4 minute read time.

Artificial intelligence has become such a familiar part of our daily lives that many of us barely pause to wonder how it actually works. From photo apps that recognise faces to the large language models embedded in our productivity tools, AI is no longer a futuristic concept, it’s simply the landscape we live in.

Last October, the IET Sussex Network set out to peel back some of that familiarity with a talk titled “How DO Machines Learn?” It offered a rare chance to go back to basics and explore what actually sits beneath the buzzwords. Rather than diving into complex, abstract theory, the session focused on one of the simplest, and most classic, examples of machine learning: teaching a computer to recognise hand‑written numbers.

It’s a perfect illustration because it’s something humans find almost trivially easy. We glance at a scrawled digit and instantly know it’s a five or an eight, no matter how messy the handwriting. But to a computer, this is a surprisingly difficult task. Unlike typed text, there’s no consistent pattern, no standard shape, and no guarantee that two people will write a number the same way.

To train the model, the speaker used a dataset containing 50,000 hand‑written digits, each one labelled with the correct answer. This was the model’s “education,” the same way a child might practise with worksheets. Once the system had completed its training, another set of 10,000 images was used to test how well it had learned.

The result was a 97 percent success rate, an impressive figure for such a lightweight model.

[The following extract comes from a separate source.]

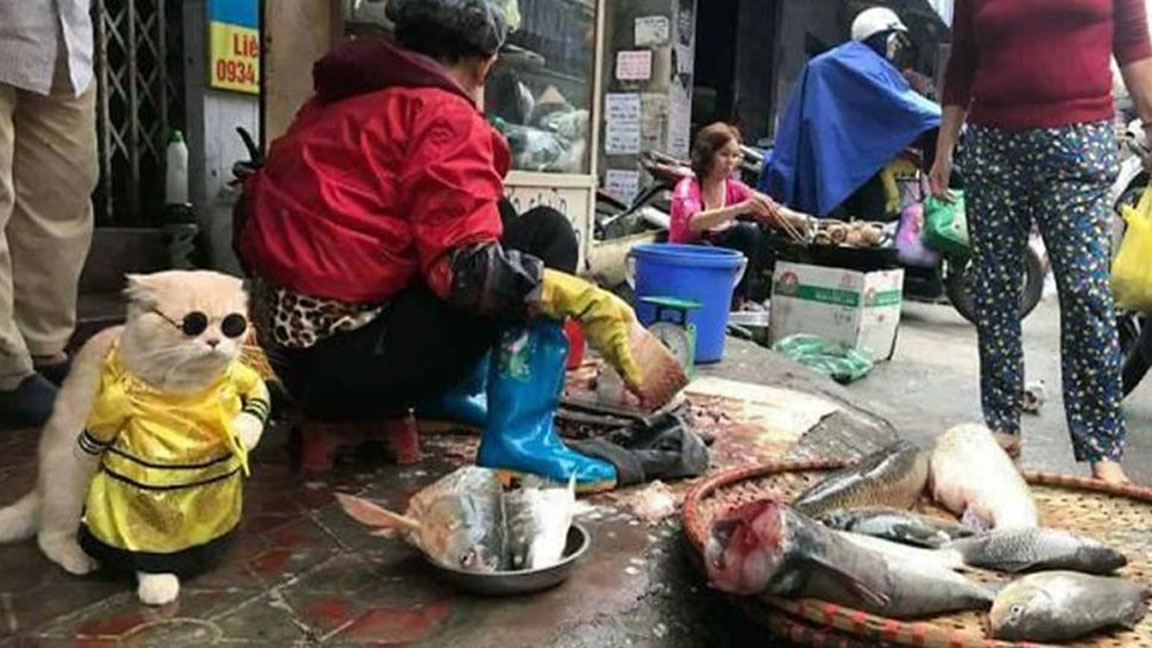 Le Quoc Phon es un vendedor ambulante de pescado que trabaja todos los días acompañado de su gato llamado ‘Dog’(perro en inglés). El adorable minino, de tan solo 3 años, capta la atención de todos los clientes pues ‘vende’ su mercadería vestido siempre con un atuendo de gala.

But as the speaker pointed out, that three percent error rate looks rather different depending on the application. If an app that sorts scanned paperwork misclassifies three out of every hundred digits, most of us can live with that. If a self‑driving car misclassifies three out of every hundred stop signs… well, that’s a different story entirely. As he joked, he’d be “quite miffed (if not dead)” if the technology behind autonomous vehicles had that margin of error.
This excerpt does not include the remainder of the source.